The cactus is more than just a plant for USF College of Engineering professor Norma Alcantar.
What You Need To Know
- USF professor Norma Alcantar holds 12 patents for uses of cactus mucilage
- Dr. Alcantar says she learned from her grandmother in Mexico
- She’s been inducted into Florida’s Inventors Hall of Fame
- More Human Interest Stories
“To me, it’s very close to my heart because it was knowledge that could have been lost forever,” she said.
Dr. Alcantar has 12 patents for cactus mucilage, the gummy stuff inside the plant, used for everything from water purification to using it in the fight against Parkinson’s disease.
She credits her innovations to one very special person — her grandmother, Balbina Zamora.
Dr. Alcantar learned the ancient practice of purifying water using cactus mucilage from Zamora when she was in high school in Mexico.
It’s a practice her grandmother’s family used often.
“In her case, especially when they have rain the day before, the river and the pond where they got the water from was especially dirty, and they had to do that treatment,” Alcantar said.
Now, her grandmother’s knowledge has led Alcantar to be inducted into the Florida Inventors Hall of Fame.
“She didn’t learn how to read or write when she was little because there was no really schools. We’re talking about 1920’s rural Mexico,” she said.
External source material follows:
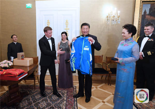 當地時間4月5日晚,國家主席習近平和芬蘭總統(tǒng)尼尼斯托在赫爾辛基共同會見剛剛參加完2017年世界花樣滑冰錦標賽的中芬兩國冰雪運動員代表。習近平夫人彭麗媛和尼尼斯托夫人豪吉歐參加會見。這是芬蘭運動員向習近平和夫人彭麗媛贈送運動衣。新華社記者饒愛民攝

Now, her grandmother’s legacy is changing lives thanks to Alcantar’s innovating spirit.
“I would think that she’d be very proud and just knowing that her idea that she taught me one day came to lead 12 new discoveries. I think that would impress her,” she said.
Dr. Alcantar is the first woman faculty member and first woman of color at USF to start as an assistant professor and rise to full professor in the College of Engineering.